For this, we’ll need to enable networking in the initrd, which envolves enabling the correct kernel module. Not only that, if your provider doesn’t provide DHCP, you’ll also need to manually set up the static IPv4 address.
/etc/nixos/configuration.nix
boot = {
# Set up static IPv4 address in the initrd.
kernelParams = [ "ip=<ipv4_address>::<ipv4_gateway>:<ipv4_netmask>::<interface>:none" ];
initrd = {
# Switch this to your ethernet's kernel module.
# You can check what module you're currently using by running: lspci -v
kernelModules = [ "virtio_pci" ];
network = {
# This will use udhcp to get an ip address.
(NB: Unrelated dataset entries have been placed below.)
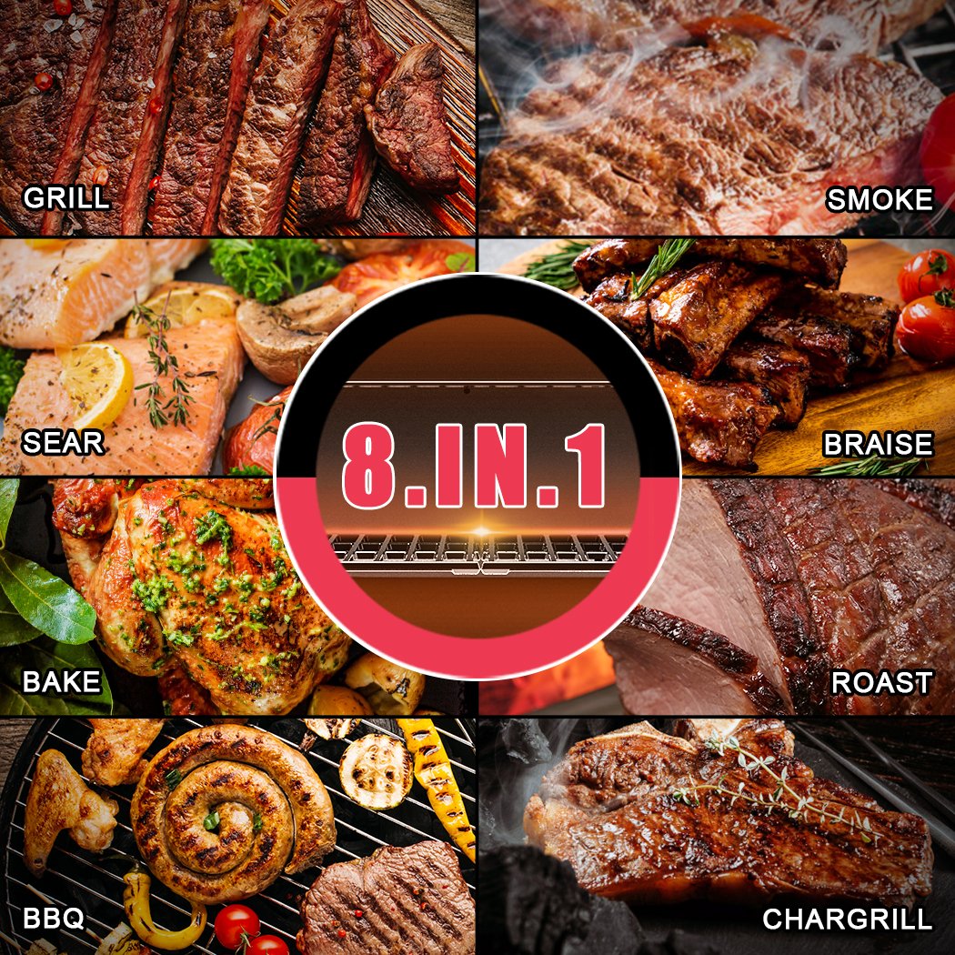 This Ultimate 8-In-1 Pellet Grill Can BBQ,Bake,Roast,Braise,Smoke,Sear,Broil,And Char-Grill. Hot And Fast Or Low And Slow. We Recommend All-Natural ASMOKE Applewood Pellets To Achieve Rich Mouth-Watering Flavor. Try It And You'll Taste The Difference That There Isn't Any Easier Way To Get The Flavor Of Wood Smoked Meals Than With Our Pellet Grill.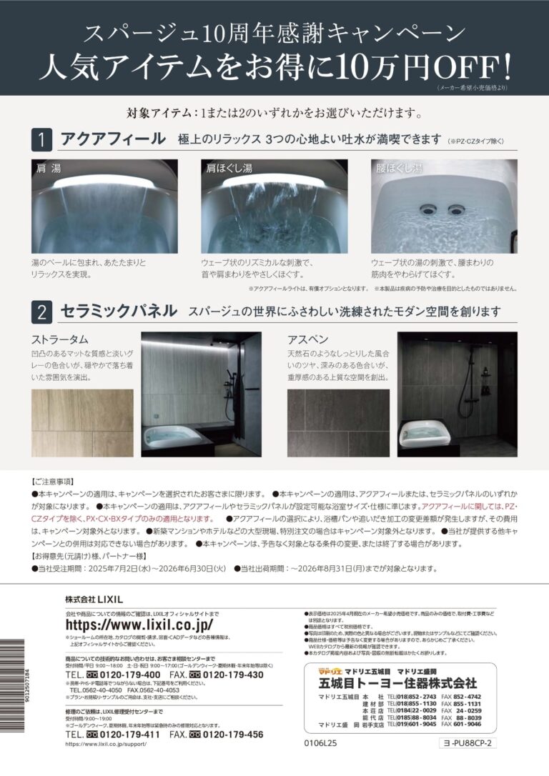 LIXILのバスルーム商品「スパージュ」が発売から10周年を迎え、ただいま感謝キャンペーンを開催中です!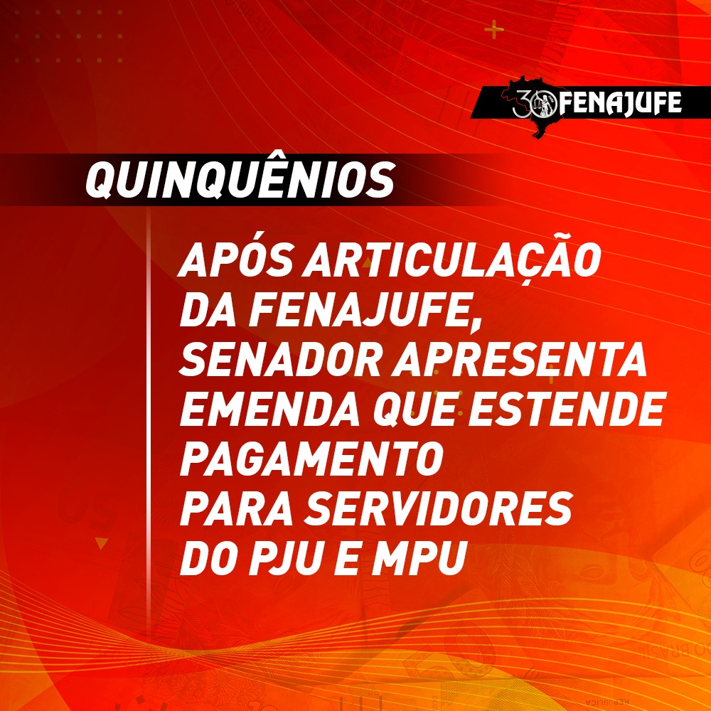 A iniciativa do senador é resultado de mobilização incansável da Federação que busca igualdade de direitos para a categoria, uma vez que no texto original da proposição batizada de “PEC dos Juízes”, apenas magistrados e magistradas têm direito ao um acréscimo de 5% nos salários a cada cinco anos (quinquênios) no exercício das funções, deixando de fora os servidores.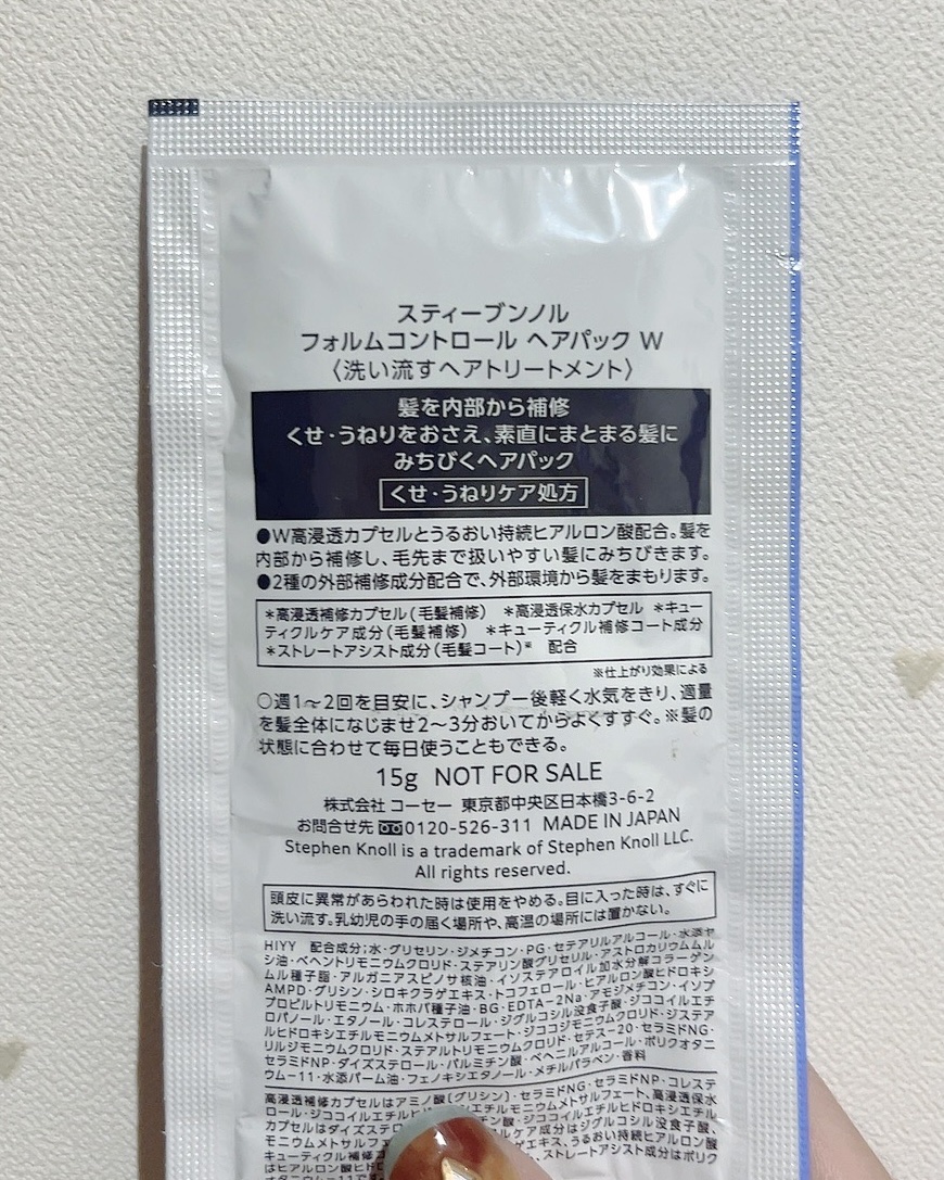 リニューアルしたスティーブンノルニューヨークのトライアルを試してみると、かなーり良かったです♡4種のシャンプー&コンディショナー・ヘアパックのトライアルなので各2回ずつの使用になります。わたしの髪質は毛量多め硬め…いわゆる剛毛太めうねり・乾燥・パサつきヘアアイロン使用頻度…ほぼ毎日ヘアカラー…ブリーチ2回悩みはダメージです!なので、4種の中で1番リペアコントロールがとっても合いました!!◉リペアコントロールオレンジ色のやつです。とにかくめっちゃよかった!感激‼︎髪のダメージが悩みの方にはぜひこちらをオススメします!乾燥した毛でもしっかり泡立ちが良く、使用後はとても潤ってしっとりしなやかに♡ハイトーンカラーの方やパーマやコテで毛先の痛みが気になる方、わたしと似た毛質の方にはぜひ!これは現品買う!ってすぐ思いました!毛が太い・剛毛の方に◎毛量が普通〜多めの方◎ハイダメージの方◎◉カラーコントロールピンクのやつです。こちらもしっかり保湿効果があり充分ダメージを補習してくれます!髪色長持ちさせたい方や、カラーリングによる痛みがお悩みの方に♩ただ、ハイトーンやカラー直後のハイダメージがお悩みの方はリペアコントロールが◎毛が普通の太さ〜硬め◎毛量が普通〜多めの方に◎◉フォルムコントロールブルーのやつです。クセ、うねりがお悩みの方に。とても軽い感触ではないですが、リペアやカラー用に比べると若干軽いかな?という感じで、しっかり潤います!寝癖が気になる方・いつも同じ方向に髪が跳ねちゃう方・髪をよく結んでうねりの跡がついてしまってる方に◎毛が細毛〜普通毛の方に◎毛量が少なめ〜普通の方に◎クセがお悩みの方に◎◉モイスチュアコントロール紫のやつです。泡立ちも軽く、しっとり補修してくれました♩私は軽めに感じましたが、量多めに使用すると充分な泡立ちでいろんな髪質の方に幅広く使用出来るかなと思いました。猫っ毛の方・髪にコシがなく、ペターとなりやすいけど、ダメージが悩みという方に◎カラーリングや、ヘアアイロンによる痛みも気になるけど、ダメージ用を使うと重たいと感じる方に向いてるかなと。毛が猫っ毛〜普通毛◎毛量が少なめ〜普通◎毛先のパサつき・乾燥お悩みの方に◎すいません、あくまでも私が感じた感想なので個人差があると思いますのでご了承下さい🙇♀️あと!香りがすんごく良くてとーっても癒やされたので、ぜひ気になる方はトライアルから試してみて下さい♩シャンプーW/コンディショナーW→¥110ヘアパックW→¥77でした♡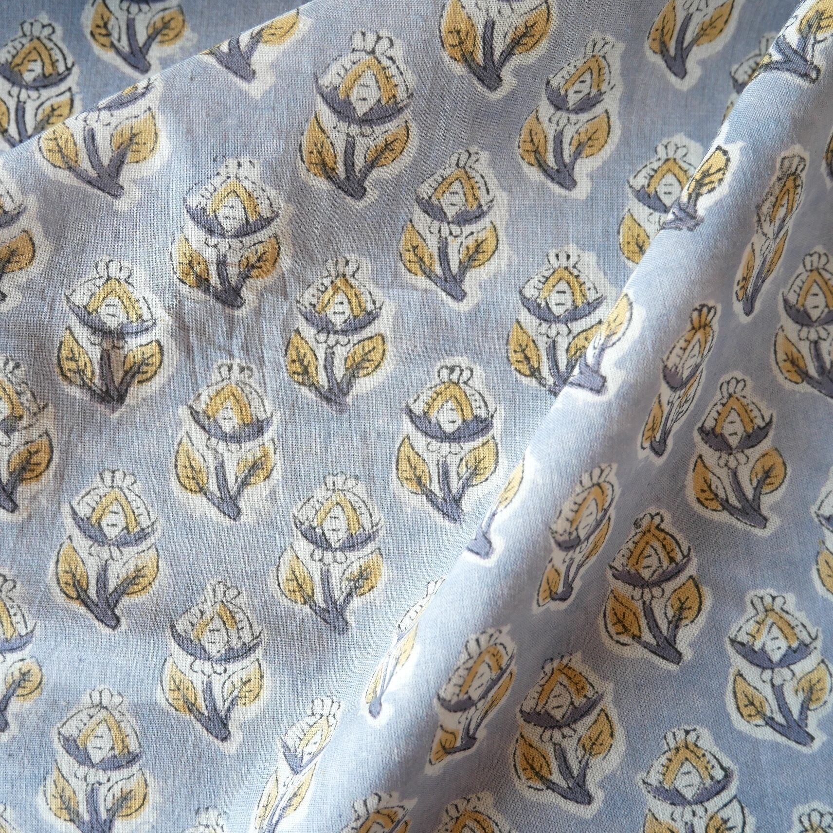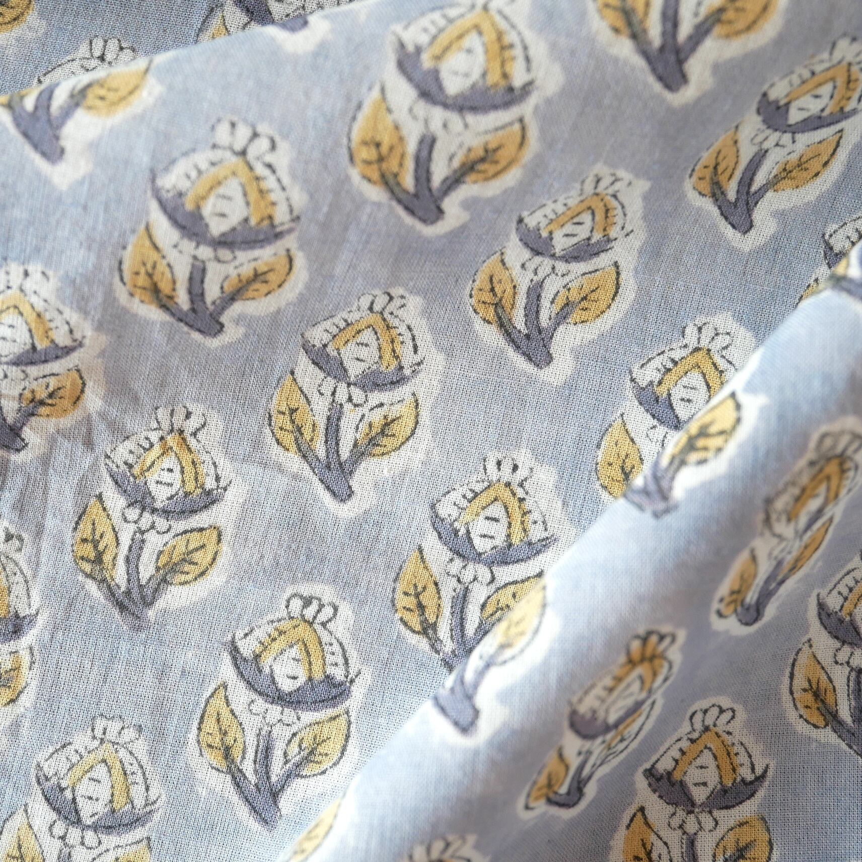 落ち着いたグレーのベースに、やわらかなイエローで描かれた小花柄が並ぶブロックプリント生地です。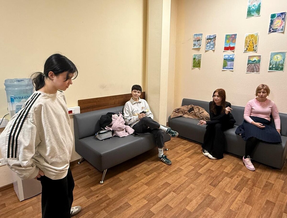 В филиале «Тёплый Стан» прошла тёплая встреча курса «Давайте понимать друг друга с полуслова». На этот раз собралась чудесная женская компания - атмосфера сразу наполнилась улыбками. Подростки пробовали разные, необычные способы приветствия — сначала это было непросто, но вместе они нашли варианты, которые понравились всем. Особенно ярким моментом стало упражнение «проводник»: девочки работали в парах, поочерёдно становясь «проводником» для напарницы с закрытыми глазами. Это было не только весело, но и ответственно — настоящий тренинг на доверие и внимание. Курс занятий, проходящий в центре, учит доверию себе и другим, развивает эмоциональное состояние подростков, дают опыт командной работы и поддержки. Такие встречи помогают подросткам не только раскрываться, но и учиться слышать друг друга, укреплять дружбу и строить отношения, основанные на уважении и тепле.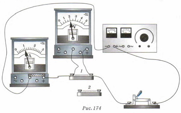 1. Напомним, что физические величины сила тока I и напряжение U характеризуют электрический ток и его действия. Установим зависимость между этими величинами. Для этого воспользуемся установкой, изображённой на рисунке 174.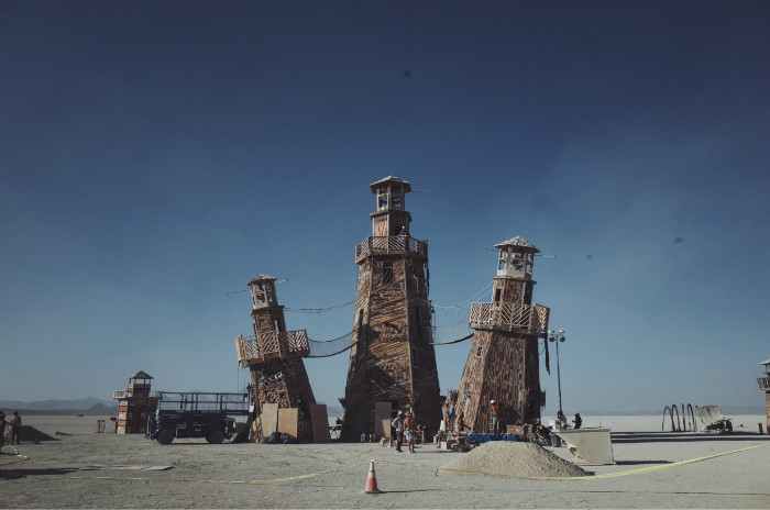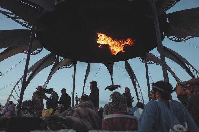 主营地上巨大的木人,会在火人节结束前的周六晚上,被一把大火烧掉。这是火人节最重要的仪式。▼
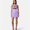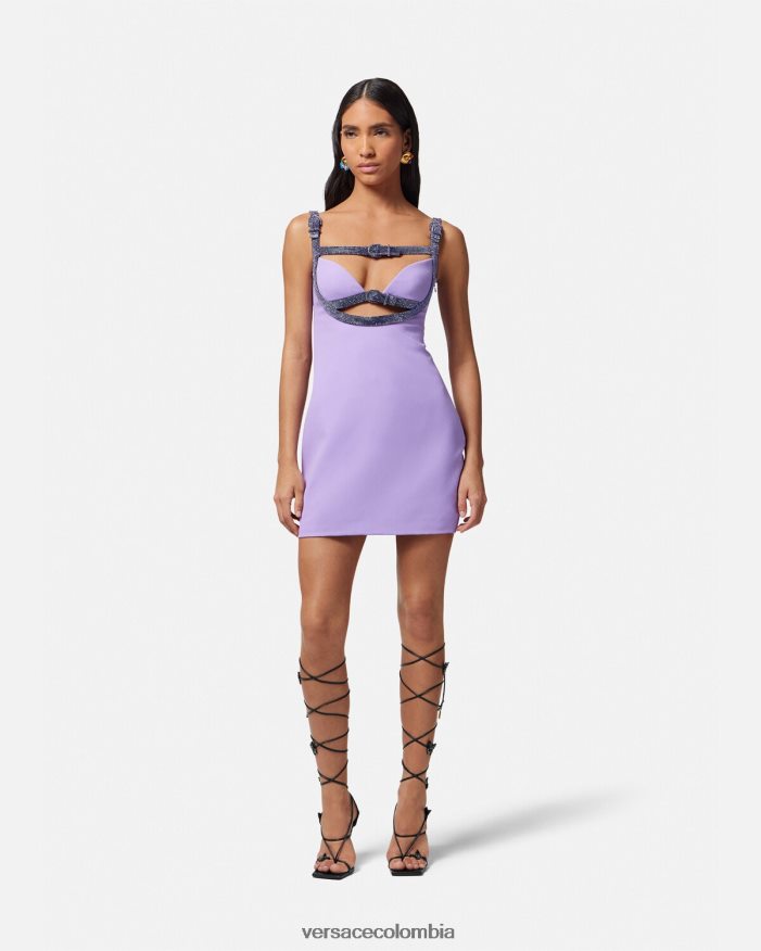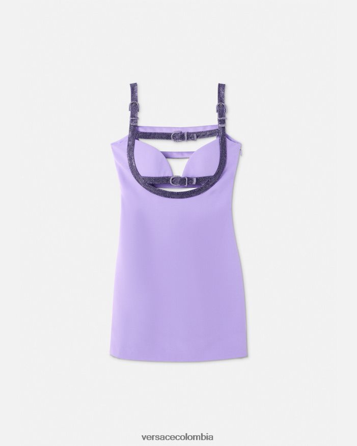 versace presenta dua lipa x versace, una colección cápsula codiseñada con dua lipa. Este minivestido recortado tiene una silueta ajustada con ribetes adornados con cristales y cierres de hebilla.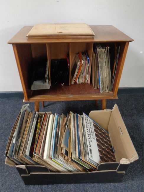 A box and record cabinet containing a quantity of LP records and singles including classical etc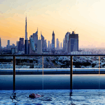 SWIMMING IN INFINITY POOL OVERLOOKING DUBAI SKYLINE AT SUNSET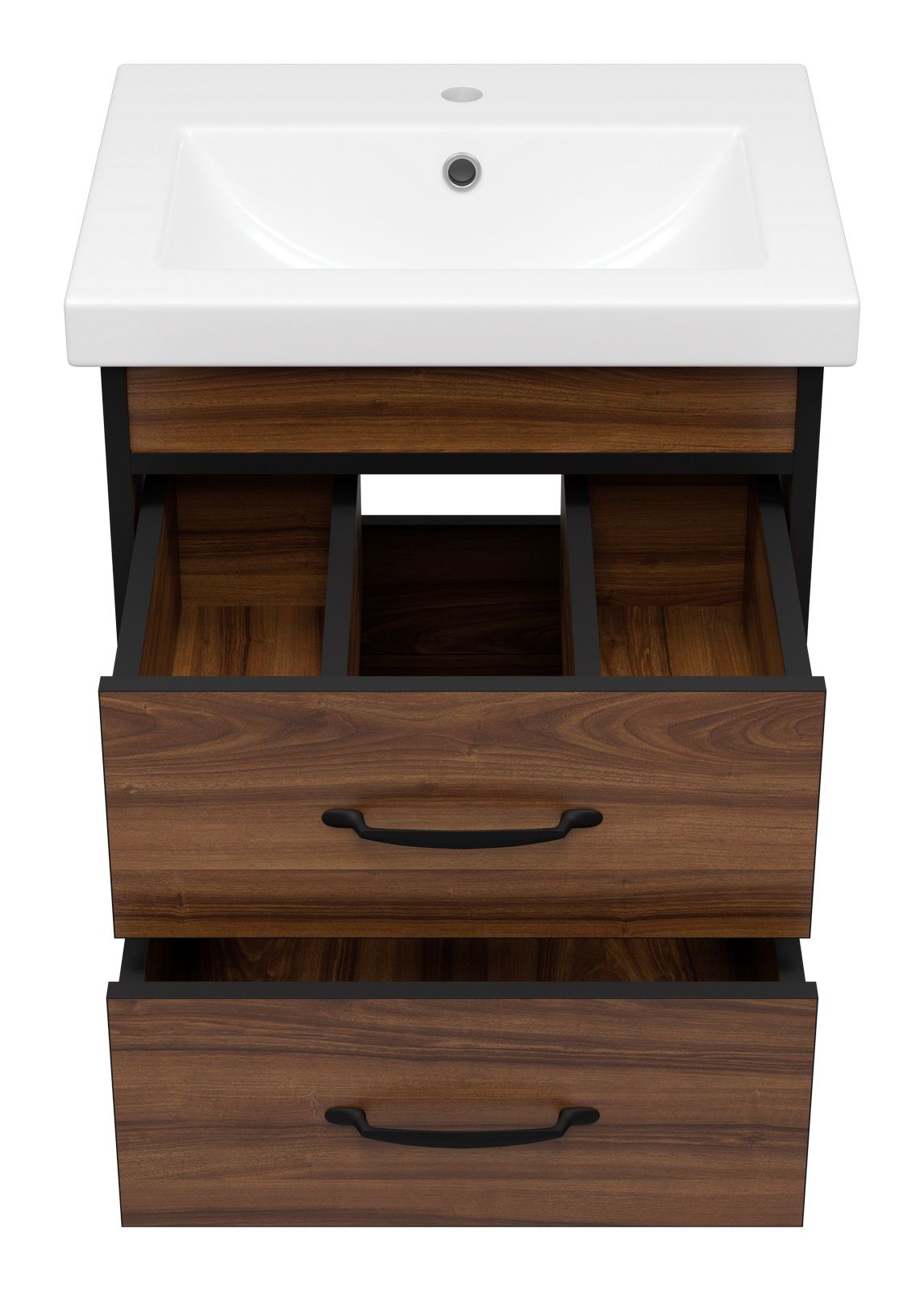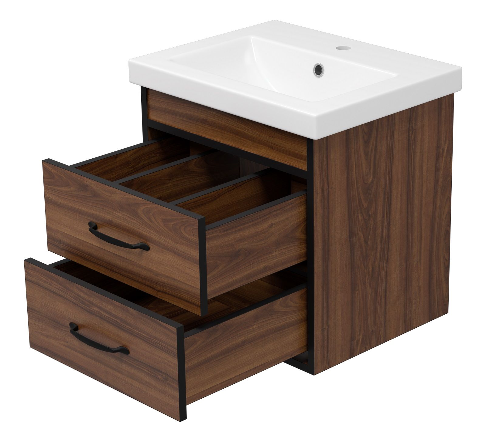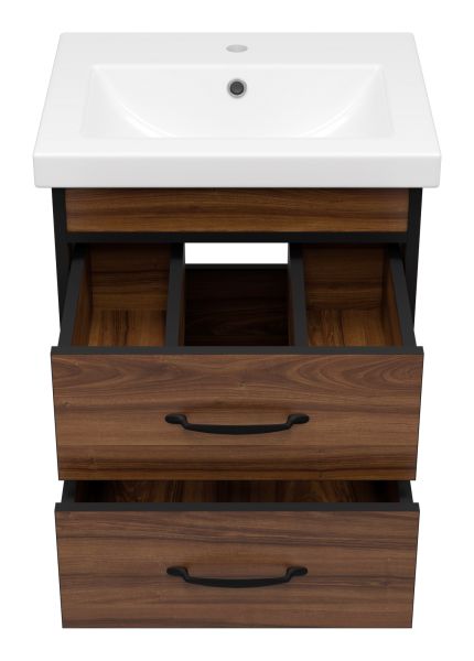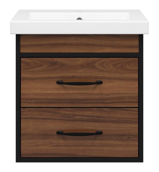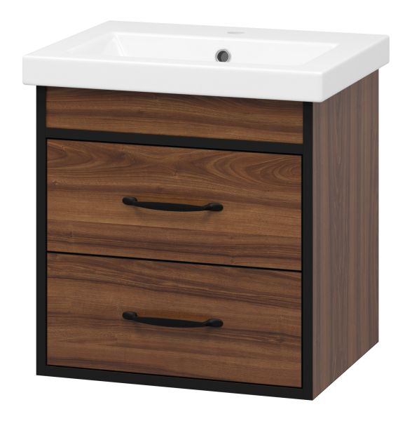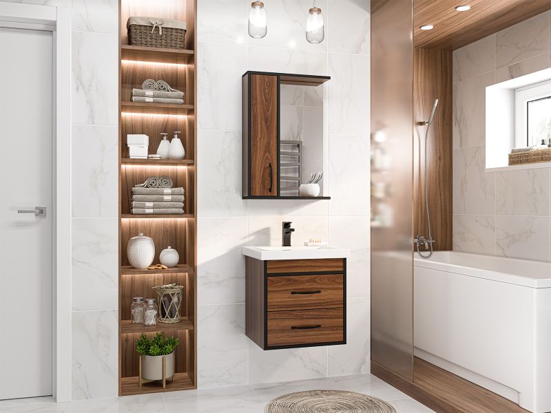 Подвесная тумба под раковину Misty Кедр 50см чёрный/орех

# Make sure you have added the kernel module for your network driver to `boot.initrd.availableKernelModules`,
# so your initrd can load it!
# Static ip addresses might be configured using the ip argument in kernel command line:
# https://www.kernel.org/doc/Documentation/filesystems/nfs/nfsroot.txt
enable = true;
ssh = {
enable = true;
# To prevent ssh clients from freaking out because a different host key is used,
# a different port for ssh is useful (assuming the same host has also a regular sshd running)
port = 2222;
# hostKeys paths must be unquoted strings, otherwise you'll run into issues with boot.initrd.secrets
# the keys are copied to initrd from the path specified; multiple keys can be set
# you can generate any number of host keys using
# `ssh-keygen -t ed25519 -N "" -f /path/to/ssh_host_ed25519_key`
hostKeys = [ /path/to/ssh_host_ed25519_key_initrd ];
# public ssh key used for login
authorizedKeys = [ "<ssh_public_key>" ];
};
# this will automatically load the zfs password prompt on login
# and kill the other prompt so boot can continue
postCommands = ''
cat <<EOF > /root/.profile
if pgrep -x "zfs" > /dev/null
then
zfs load-key -a
killall zfs
else
echo "zfs not running -- maybe the pool is taking some time to load for some unforseen reason."
fi
EOF
'';
};
};
};
Then, after NixOS is installed, to decrypt the pool:
ssh -4 -p 2222 root@<ipv4_address>
Installing NixOS #
We’re finally ready to install NixOS:
nixos-install --no-root-passwd --root /mnt
umount -Rl /mnt
zpool export -a
And don’t forget to detach the DVD before rebooting.
reboot
Closing remarks #
Although this initial setup took some work, I’m happy with the final result.
By erasing our darlings, we keep our system clean and fresh. It’s also reassuring to know that everything that’s running is explicitly set in the NixOS configuration and that we can just move it to some other host. This also makes backups much easier, as I know exactly what needs to be kept.
I intend to have all my future servers set up like this. Hopefully, following this post will make it easier.